Also, the NV40 core DOES have the power to perform displacement mapping, and all the nifty features of SM3.0.. dont believe me? Well, I could elaborate.
I'd love to see real examples of NV40's features. Would you mind elaborating?

I'm still curious why you hold all sites other than AT in such low regard.

BTW, I'm not trying to "shut you up," as Matthias said, but, frankly, I can understand his frustration. A lot of what you're saying strikes me as less than reasonable or informed, as I've tried to say in my responses. I'm just trying to understand your POV.

DeeSlanger · May 6, 2004

Thank You Pete, for a most welcomed breath of ethical common sence . What most of these PFY only realize is immediate gratification and allegiance.

Matthias99 · May 6, 2004

Oy. Where do I start?

Originally posted by: Edge3D

Originally posted by: Matthias99

Originally posted by: Edge3D

No, my spindoctoring friend. I never said PS3 increased IQ. Vertex Shader 3.0 compliance DOES.

Click to expand...

VS3.0 compliance *could*. Displacement mapping and other complex vertex shader programs might also tank performance on the NV40; I haven't seen any numbers.

Click to expand...

Right. But that isnt what I said.
My whole point of my existence here has been to tell some of you that VS3.0 DOES have HUGE IQ gains when used.
That is all. Its nice to see at least you agree with the facts of the matter... /phew!

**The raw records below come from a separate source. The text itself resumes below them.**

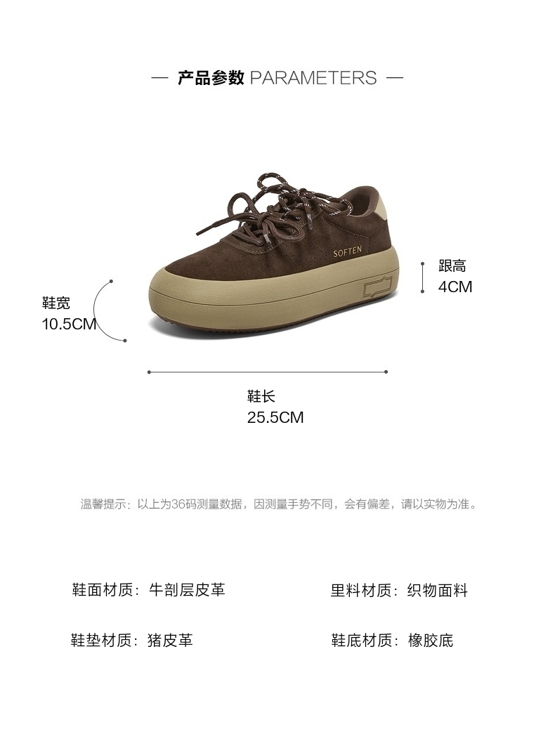 | 鞋帮:低帮 | 鞋底材质:橡胶底 | 内增高:无 | 鞋面材质:牛剖层皮革 | 闭合方式:系带 |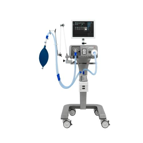 Прибор оборудован цветным сенсорным 15-дюймовым монитором, который легко поворачивается в нужную сторону и может крепиться отдельно от самого аппарата ИВЛ. Также в комплектацию входят: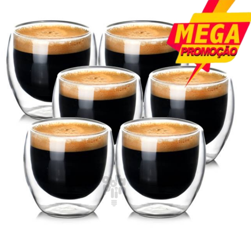 6un Copo Parede Dupla Vidro Duplo Grande 250ml Isolante Térmico Café Capuccino Chá Suco Água Cerveja whisky Chopp Sobremesa Jogo de Copos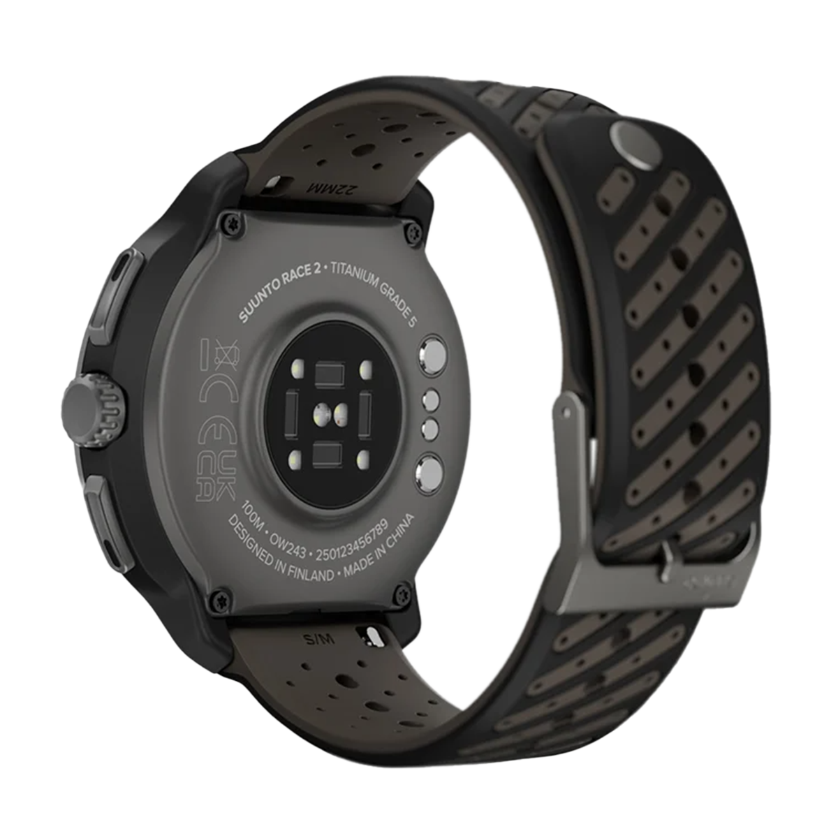 SUUNTO SS051202000 Unisex - Suunto Race 2 Dark Brushed Titanium Striped Two-Tone Black Silicone Strap

No. VS3.0 *might* have *some* IQ gains. They also might come at a high price in terms of performance. Unless you have some sort of numbers -- or anything -- to back up your position with, you really have nothing to go on here.

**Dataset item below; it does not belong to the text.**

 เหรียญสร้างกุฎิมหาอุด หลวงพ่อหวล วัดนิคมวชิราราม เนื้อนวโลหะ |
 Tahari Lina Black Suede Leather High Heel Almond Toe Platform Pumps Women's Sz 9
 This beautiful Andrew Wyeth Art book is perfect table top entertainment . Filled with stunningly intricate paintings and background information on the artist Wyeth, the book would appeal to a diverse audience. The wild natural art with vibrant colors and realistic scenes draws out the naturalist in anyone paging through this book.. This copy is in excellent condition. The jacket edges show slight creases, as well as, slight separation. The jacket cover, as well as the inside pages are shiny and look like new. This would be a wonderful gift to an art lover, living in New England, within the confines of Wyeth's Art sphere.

Doom 3 is the only game engine with full per pixel dynamic shadowing and lighting. Even the much touted HL2 still uses light and shadow maps. For everyones' information... that was the technology used in Quake 2!
Its not really comparable.

Different lighting models are not necessarily better. HL2 uses a very different rendering system, with lots of little shaders to handle its dynamic lighting needs.

Click to expand...

Hehe. "different" lighting models?? Interesting way of putting it.
Thats like saying SM2 is merely "different" than SM3.. not inferior as it is in reality.

SM2 is a subset of SM3; of course it is 'inferior'.

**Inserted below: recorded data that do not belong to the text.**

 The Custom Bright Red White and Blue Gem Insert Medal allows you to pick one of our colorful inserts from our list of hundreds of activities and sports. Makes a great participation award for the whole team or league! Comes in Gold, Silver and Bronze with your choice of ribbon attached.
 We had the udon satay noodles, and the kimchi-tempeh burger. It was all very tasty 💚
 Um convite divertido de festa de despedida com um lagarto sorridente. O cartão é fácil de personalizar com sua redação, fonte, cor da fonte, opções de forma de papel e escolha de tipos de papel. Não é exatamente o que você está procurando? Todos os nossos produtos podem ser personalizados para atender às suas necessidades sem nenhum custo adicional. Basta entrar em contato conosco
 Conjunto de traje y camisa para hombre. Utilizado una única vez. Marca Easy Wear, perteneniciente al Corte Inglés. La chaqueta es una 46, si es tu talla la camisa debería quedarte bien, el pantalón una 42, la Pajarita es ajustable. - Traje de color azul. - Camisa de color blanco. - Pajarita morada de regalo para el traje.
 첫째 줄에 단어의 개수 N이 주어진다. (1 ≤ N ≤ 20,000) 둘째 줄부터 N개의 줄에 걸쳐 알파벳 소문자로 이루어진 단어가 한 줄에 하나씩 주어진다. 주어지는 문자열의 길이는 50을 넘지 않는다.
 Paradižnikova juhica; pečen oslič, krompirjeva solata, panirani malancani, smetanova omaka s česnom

HL2 does its lighting differently than Doom3 does. That doesn't mean it's going to look worse, or that the way they're doing it is 'wrong' or 'inferior'.

/sigh
NV has improved their drivers to the point where its now just as fast in ARB2 as NV30 mixed mode specific path.

Click to expand...

<snip -- info from Carmack>

IE, they didn't really improve their speed, they just made it so it runs at lower precision automatically, instead of Carmack having to tell them to do it explicitly via a different codepath. No big changes here; it's still running mixed-mode FP16/FP32, just doing it in the driver instead of in the game code itself.

There's actually quite a bit of good discussion in that thread about how Doom3's shading works, and how it compares to HL2. Perhaps you should take a look.

Click to expand...

I was already aware of all this stuff. It IS good that it is in the driver though. Believe me, I am no NV3X fan.. I was just stating the facts.

You said "NV ... improved their drivers ... its (sic) now just as fast in ARB as [when using the] NV30 mixed mode specific path." That's not true; they just made it so that the NV30 automatically runs in the mixed mode path without having to be specifically told to do so by the game engine (it just marks some of the shaders as 'can be used with lower precision'). So they didn't make it any faster, they just made it easier to write mixed-mode code. While that's a good thing, it's not what you said they did.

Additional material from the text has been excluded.